Get an International License.
If you get pulled over, it is very helpful to have an International Driver’s License. It does not need to be real. Mine is only for driving cars and specifically excludes Indonesia, but really impressed the police. My friend Krista apparently pointed to the organ donor symbol one time and said, “That means international.” It worked.
I spent a lot of the weekend at the hospital with a friend who was ill. She’s doing much better, and the doctors and nurses were lovely, helpful, and unintentionally hilarious.
“I want to nasal spray in your nose”
“Would you like piss pot?”
“This will hurts a lot.”
“You mean not hurt.”
“No, it will hurts.”
Torrance got the fever people.*
I think part of living in a developing country is getting sick. A LOT. We mostly just refer to it as “bad stomach” and get on with our lives (the previously mentioned .80 cent street food might have something to do with this). On the plus side, most of the expats I know have lost weight. The downside is obvious.
Yesterday afternoon I developed a raging fever out of nowhere (I’m fine now, mom, I promise!). I was already at work, so I taught one class before giving up and going home. That class was AWESOME. I was super loopy and out of it, so here’s what I had my class of 13-year-old girls do:
- Played Uno for 20 minutes (I accidentally kept swearing when I lost, which they loved)

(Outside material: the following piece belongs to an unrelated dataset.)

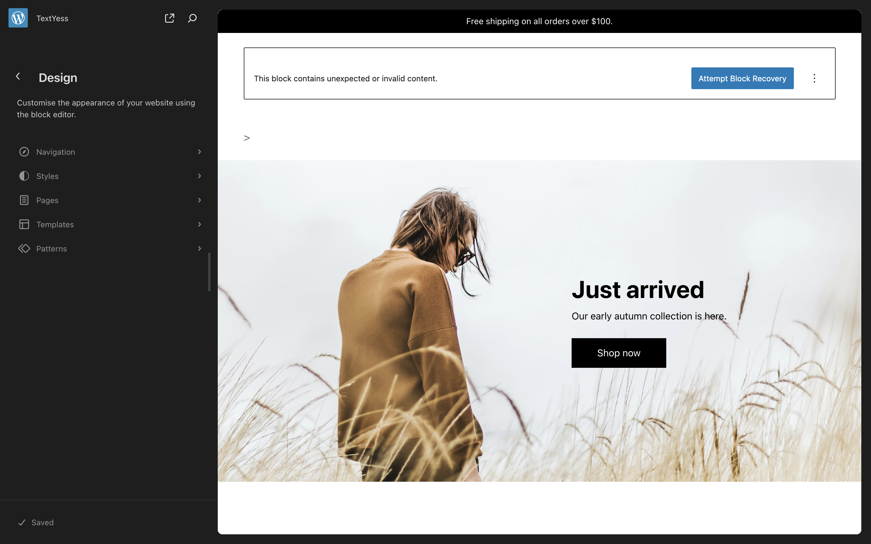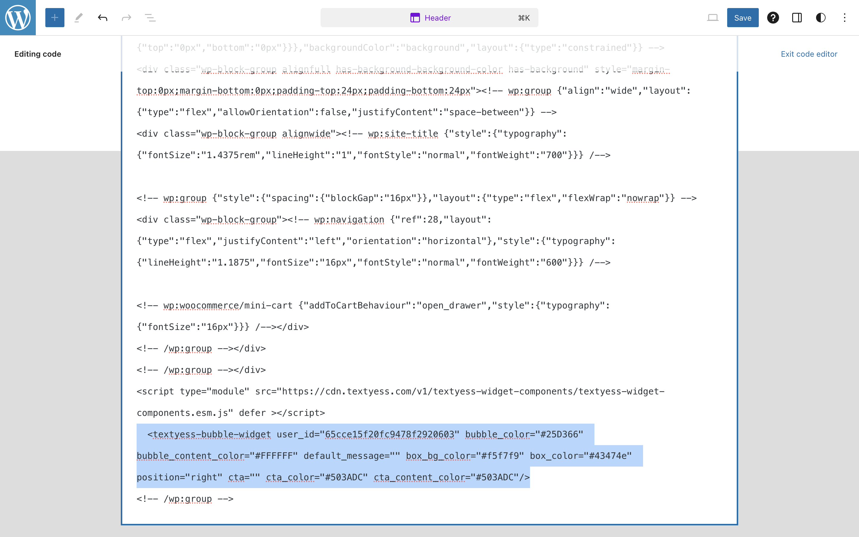 <textyess-ai-widget> tag, which is different from the WhatsApp bubble widget (<textyess-bubble-widget>).Go to Appearance > Editor

- Sat around and smelled Mr. Sketch scented markers for a while
- Watched the Despicable Me 2 trailer a couple times, and then watched this guy 5 or 6 times
- Did one activity from the book
- Did a nonsense “um, write a sentence in present perfect continuous and then draw a picture of it” activity I made up on the spot, but mostly just colored and watched music videos. I made them watch the Call Your Girlfriend, which they did not like, and Countdown, which they did like
And that was it! I am such a good teacher.
*Movie quote for Taryn.
I’ve getting close to having been here for 5 months, and I was reflecting today on some of the ways I’ve changed. Here are a few:
- I eat white rice every day
- I sometimes plan my commute around the call to prayer
- I have frequent conversations about motorcycles, the pros and cons of various brands, and motorcycle maintenance and repair. And I enjoy them
- Toilet paper is more of an oddity than a necessity
- I feel totally inappropriate if I leave the house without wearing leggings and having my shoulders covered
- Western rules of the road have gone out the window (more on this later)
- I am no longer taken aback by bank tellers and cell phone companies asking me my religion.